I have two RF 400.4s: 
1. No audio from any channel but LED comes on
2. Audio on all 4 but one is scratchy (may be able to fix myself?)

RF 40ix:
no audio in 1 channel, other channel works fine

Soundstream reference 644:
It works fine, however the center of the board has been a little warm crispy at one point. This looks like a high quality part and would like to restore it.

RF Punch 150 (before the classic Punch 150):
No audio on this one.

RF 200ix DSM:
Seems pretty dead. I tried to change out the FETs and resistors on the power supply side but no luck. 

Any suggestions for repair? For the most part I want to keep the price low as I'll either show them/use them in my garage.


----------



## GEM592 (Jun 19, 2015)

I know a guy/business in the Phoenix area that would probably fix any of those that are fixable (they don't touch very burnt boards for example).

But I don't know if we'd be able to work out shipping.

I would think there is somebody in LV area but I don't know.


----------



## GEM592 (Jun 19, 2015)

You can try:

Car Audio Amplifier Repair

Ask for Evans Bishop. 

They are very good with OS, particularly RF.

I think they have a setup where they work through shops nationwide.
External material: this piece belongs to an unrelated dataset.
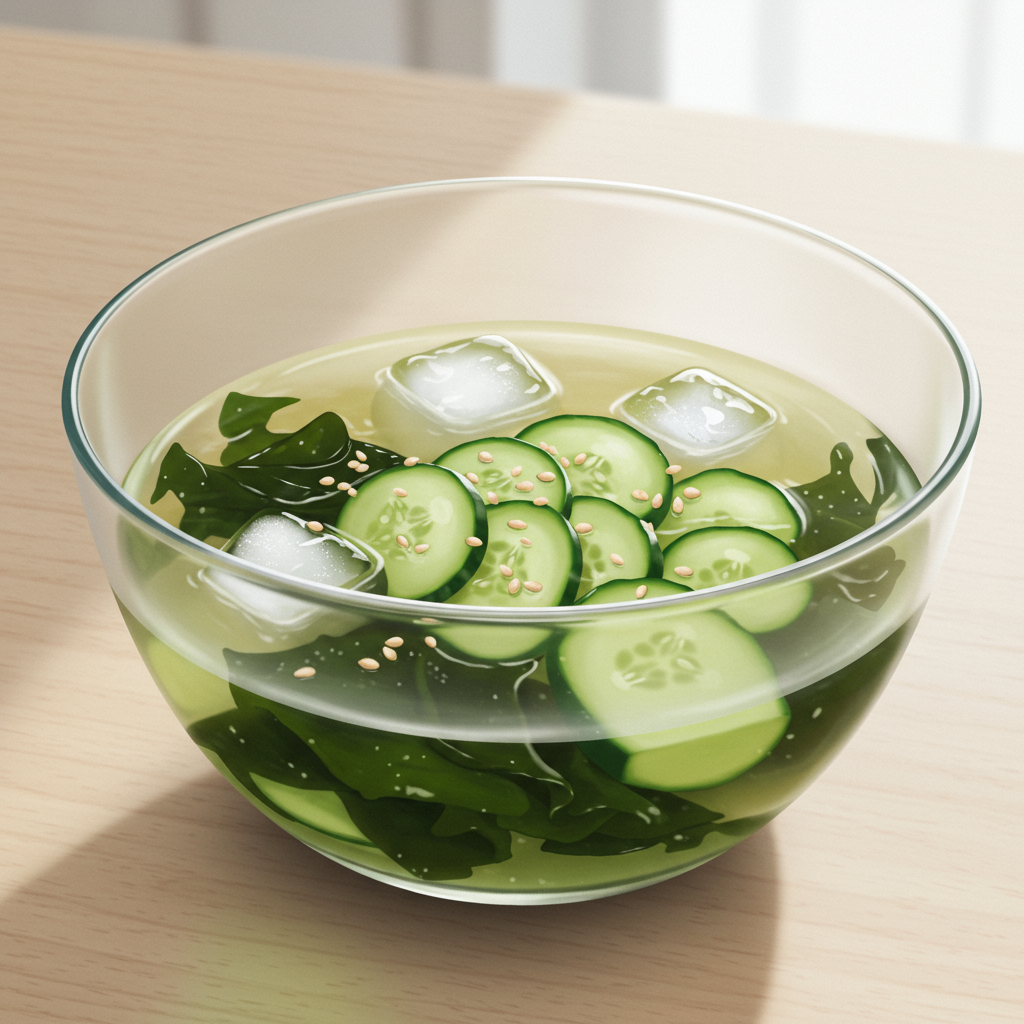 - 효능: 미역의 알긴산은 혈중 콜레스테롤을 낮추고 혈압을 안정시키는 데 도움을 줍니다. 오이는 수분과 칼륨이 풍부해 나트륨 배출에 효과적이에요.

You'll want to know if there is one in LV. Maybe.


----------



## wilkinru (Apr 25, 2016)

Thanks, I will shoot them a call Monday and see. I would like someone in LV but hey, I'd rather get the job done correctly - which is why I'm not doing them for the most part. Keep the suggestions coming!


----------



## GEM592 (Jun 19, 2015)

Like I said, they may have a shop they work through in LV even though they're based in AZ. I know they do this around the upper 48 but I'm not sure about your area.


----------



## wilkinru (Apr 25, 2016)

I had one of my 4 channel rockford amps fixed - it was dead in one channel. One of my better looking amps and the other 3 channels were rather clean. Sadly this is no longer the case after repair. Every channel does play but with noticeable noise/static compared to before. 

I am testing these amps on a bench with a CB radio power supply so there engine noise type issues.

I checked the work, they replaced 3 of the power supply caps and all of the fets. Maybe one of the connections isn't very solid?

AHHHHHHHHHhhhhhhhh. I guess I'll take it back and complain.


----------



## GEM592 (Jun 19, 2015)

Was that my guy or someone else? Just curious ...


----------



## wilkinru (Apr 25, 2016)

A local shop. I found two of them...going to try the other next time.


----------